Dickinson strikes me as deserving of a Nobel Prize for the diligence of his scientific work. In previous papers I have sensed his awe at fruit flies to the point where he urged his readers, “think before you swat.” Does the swatter realize what was just squashed? Is it like Bambi vs. Godzilla, or Dr. Fake bombing the Eiffel Tower? It’s not that Dickinson would prevent the swatter from committing the dastardly deed, or would never swat a fly himself, but the statement implies a feeling of melancholy at seeing something so wonderful destroyed. Being a member of academia, though, he had no other option but to say, “it evolved.”

“The fly wing hinge is perhaps the most mysterious and underappreciated structure in the history of life,” says Michael Dickinson, Caltech’s Esther M. and Abe M. Zarem Professor of Bioengineering and Aeronautics, and executive officer for biology and biological engineering. “If insects had not evolved this very improbable jointto flap their wings, the world would be a very different place, absent of flowering plants and familiar creatures like birds, bats — and probably humans.”

 Fortunately, Dr.

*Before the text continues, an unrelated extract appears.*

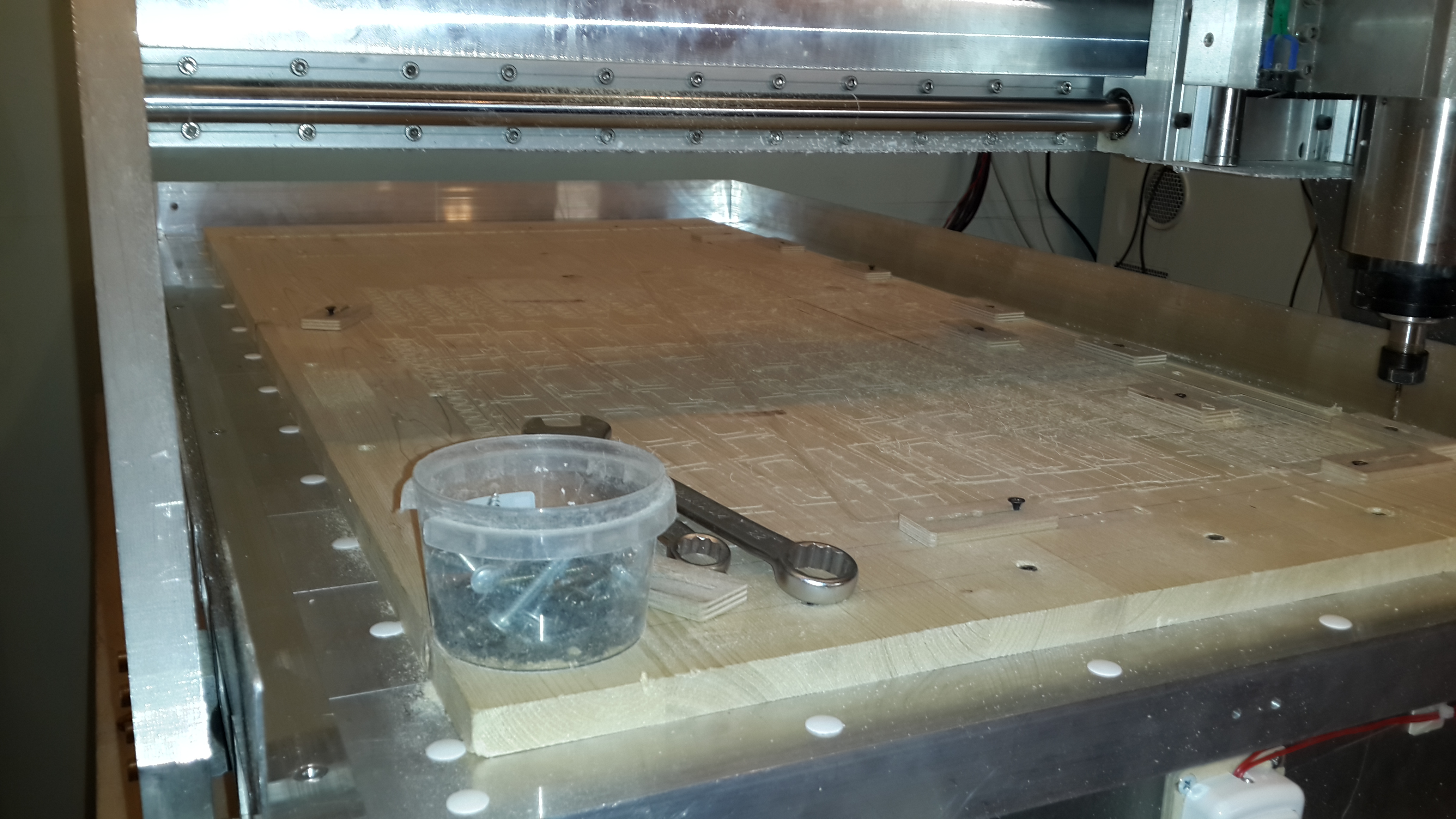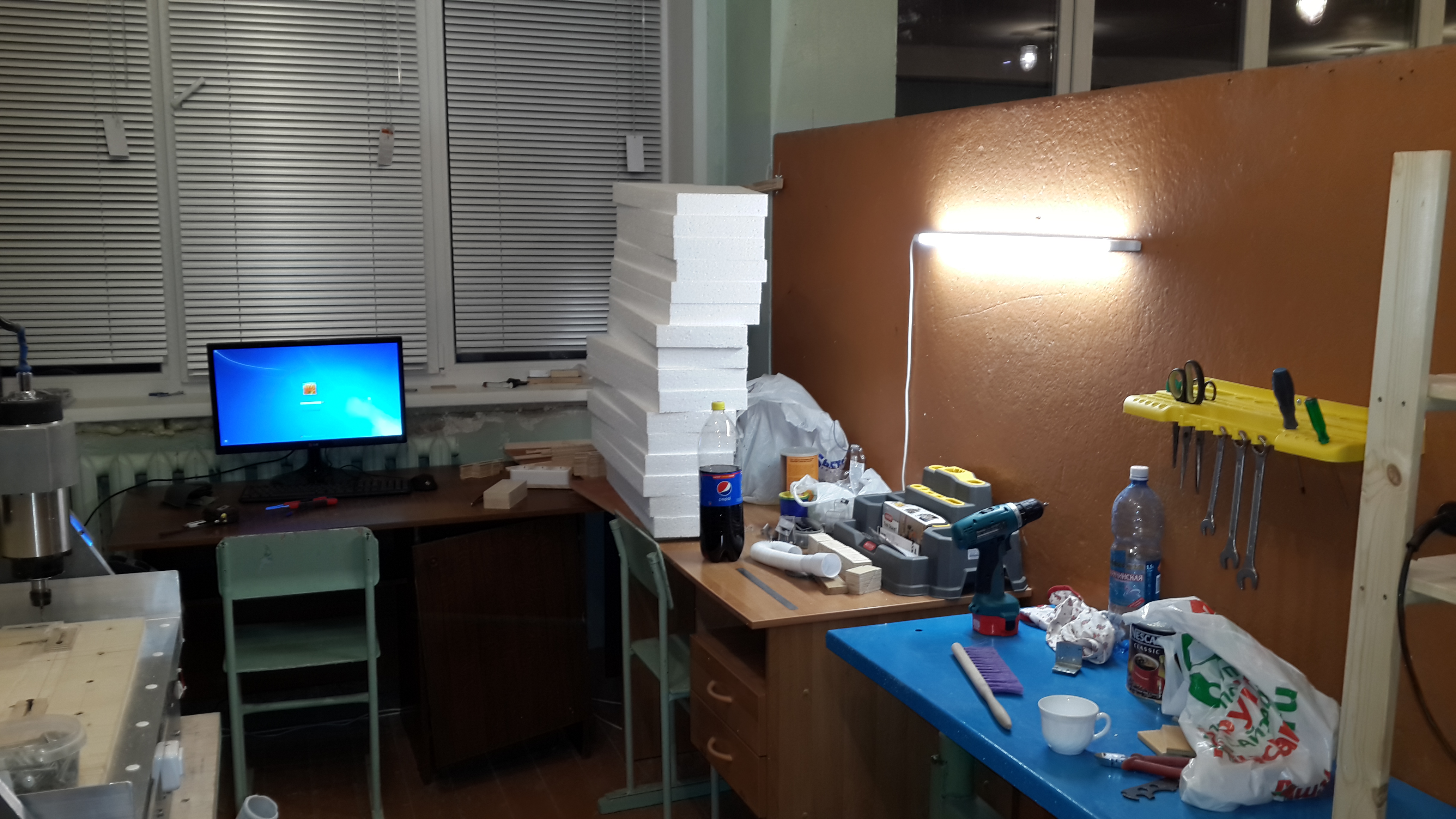Прошло больше года, после запуска станка. За это время станок пережил один переезд, небольшую модернизацию БП, замену почти всех кабелей и замену гайки по оси Y.

Dickinson is motivated by some other nobler goals:

The ultimate goal is to understand the neurobiological connection between a fly’s brain and the movement of its wings. “The wing hinge is just the hardware; the real passion in our lab has been the brain–body interface,” Dickinson says. “We want to understand the circuitry between the biomechanics and the neurobiology. Very few times in evolution has an animal had one very successful form of locomotion — walking — and simply added another one — flying. This means that the brains of insects must have all the circuitry to regulate to completely different means of moving.”

Without the crutch of evolution, these motivations could be taken up by design advocates with knowledge of engineering and, I believe, with more gusto and appreciation. There will be no shortage of work to do. This project involved a simple fly, but what about the hundreds of thousands of variations in the wings of other insects? From large beetles to tiny gnats, from dragonflies to monarch butterflies, the implementations of wing design in insects may never be fully explored.

And yes, you can swat without guilt the fly that invaded your house. There are plenty more of them where it came from. But if the world had a billion Mona Lisas or 5 billion smartphones (it does have that), would familiarity breed contempt? Would we fail to acknowledge the art or engineering in well-designed items, even if they were commonplace? 

Next time a fly lands on the outside of the window, maybe it would be worthwhile to look at it for a moment and think of all the years of work it took Caltech scientists to try to understand one little part — the “unique and incredibly complex biomechanical hinge” that connects the wings to the muscles. Take another moment to watch the little guy dart about with maneuvers that would astonish a daredevil in an air show. Gaze at the complex eyes, antennae, and limbs. Watch the fly land on glass and walk up without falling. Understanding any one of those things could occupy the lifetime careers of an army of bioengineers.